Making IF work for you

Remember that the “feeding” or eating window is not a free for all; focus on the nutritional quality of the meals that are consumed. Nutrients such as protein, fat, fiber, vitamins, and minerals are essential for good health and, since nutrients are not consumed while fasting, they are especially important when breaking the fast. In addition, drinking water and adding in electrolytes as needed is important in order to both stay hydrated and to alleviate hunger. And when you break that fast, try aiming for a moderate intake of carb so as not to overwhelm blood glucose levels. Instead, ease into eating with higher protein, higher fat, and lower carb choices.

It doesn’t happen overnight

It takes about 3-6 weeks for the body to transition or adapt to IF. During this time both the body and brain adapt to the new eating schedule. This period isn’t always easy; restricted eating has been anecdotally associated with extreme hunger, irritability, loss of strength, loss of libido, and other negative side effects. BUT once you’ve adapted, research shows that hunger levels may decrease and mood could become more positive compared to before the fasting program started.


Skip IF if the following applies to you….

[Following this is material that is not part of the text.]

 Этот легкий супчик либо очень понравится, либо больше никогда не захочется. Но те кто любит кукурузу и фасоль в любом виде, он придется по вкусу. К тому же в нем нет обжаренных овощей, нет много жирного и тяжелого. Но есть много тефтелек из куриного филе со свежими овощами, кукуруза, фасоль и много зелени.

IF is not typically recommended for athletes in heavy training and competition, not recommended for pregnant or breastfeeding women, not recommended for those who have a history of disordered eating or an eating disorder, not recommended for certain genetic metabolic conditions, and it hasn’t been studied exhaustively. Anecdotally, success with IF can occur for a plethora of reasons. Motives include a forced reduced calorie intake and therefore weight loss; a low energy state potentially leading lead to a state of ketosis; and, perhaps most importantly, a more thoughtful connection with food in which individuals become more mindful of intake.

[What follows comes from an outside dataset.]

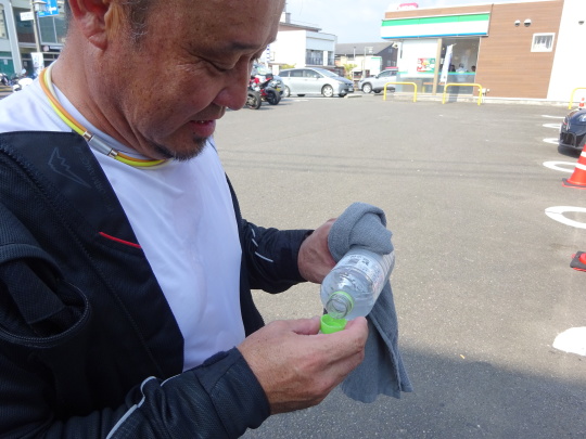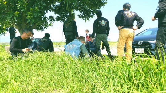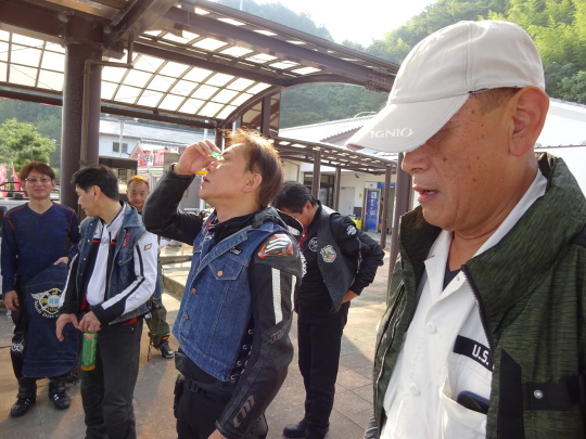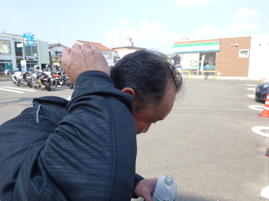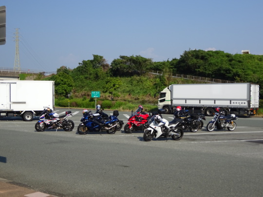 | 高速走行は、 暑くもなく快適でしたが、 バイクを降りると・・・暑い 日陰で、雑談タイムです。 |

IF and gender: what you need to know

Studies that exist on IF suggest that both genders respond to the effects of fasting and both genders have similar rates of weight loss. In regard to hormonal differences and disruption, certainly women who are malnourished should not fast as excessive weight loss and unhealthily low levels of body fat can lead to amenorrhea or menstrual dysfunction and the ill effects that follow. Across both genders it’s important to note that fasting is not necessarily easy. We humans are hardwired to seek food for survival and these innate signals are put in place to drive us to refuel. So long fasts are not always easy and if you experiment with IF and constantly feel poorly or ill, then seek advice from your health care provider and certainly reconsider this approach; IF is certainly not the only way to achieve the health or wellness benefits you may be seeking!